**Task details**.
Leave out every picture, and restate word for word only the lines from the one containing "みんなで飯盒炊爨と釜でつくるカレーライスを見ました!" through the end of the material.

**Collected data**.
┌──
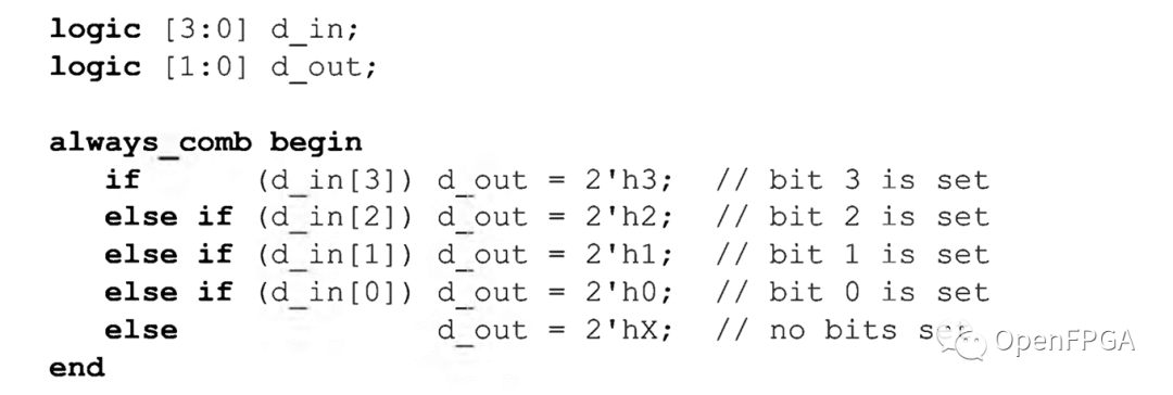 SystemVerilog对if-else-if决策序列和case语句的语义是:按顺序计算一系列选择-只执行第一个匹配的分支。这种行为使得表示优先级编码逻辑成为可能,即其中一种选择优先于另一种选择。下面的代码片段演示了一个以if-else-if决策链建模的4-2优先级编码器,其中高阶位优先于低阶位。
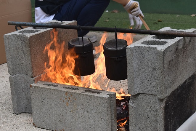 みんなで飯盒炊爨と釜でつくるカレーライスを見ました!
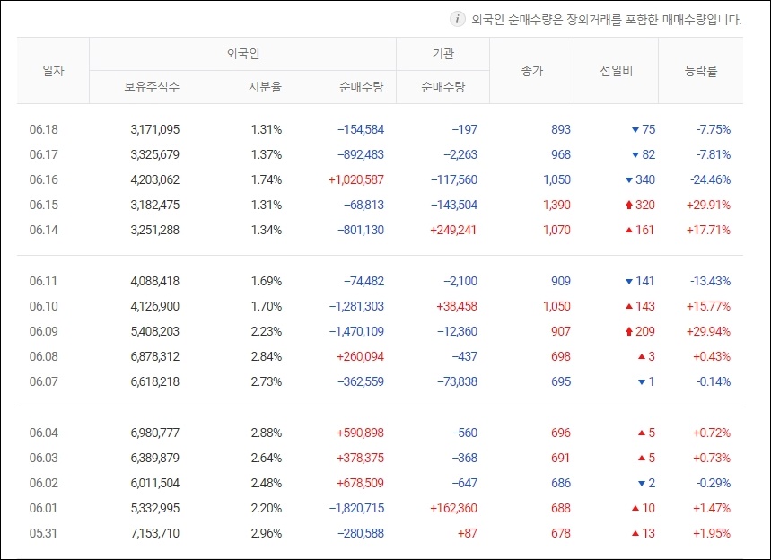 5월 31일 2.96%였는데 6.18일 지분율이 1.31%로 변화가 있었습니다.
└──
**Task result**.
 みんなで飯盒炊爨と釜でつくるカレーライスを見ました!
 5월 31일 2.96%였는데 6.18일 지분율이 1.31%로 변화가 있었습니다.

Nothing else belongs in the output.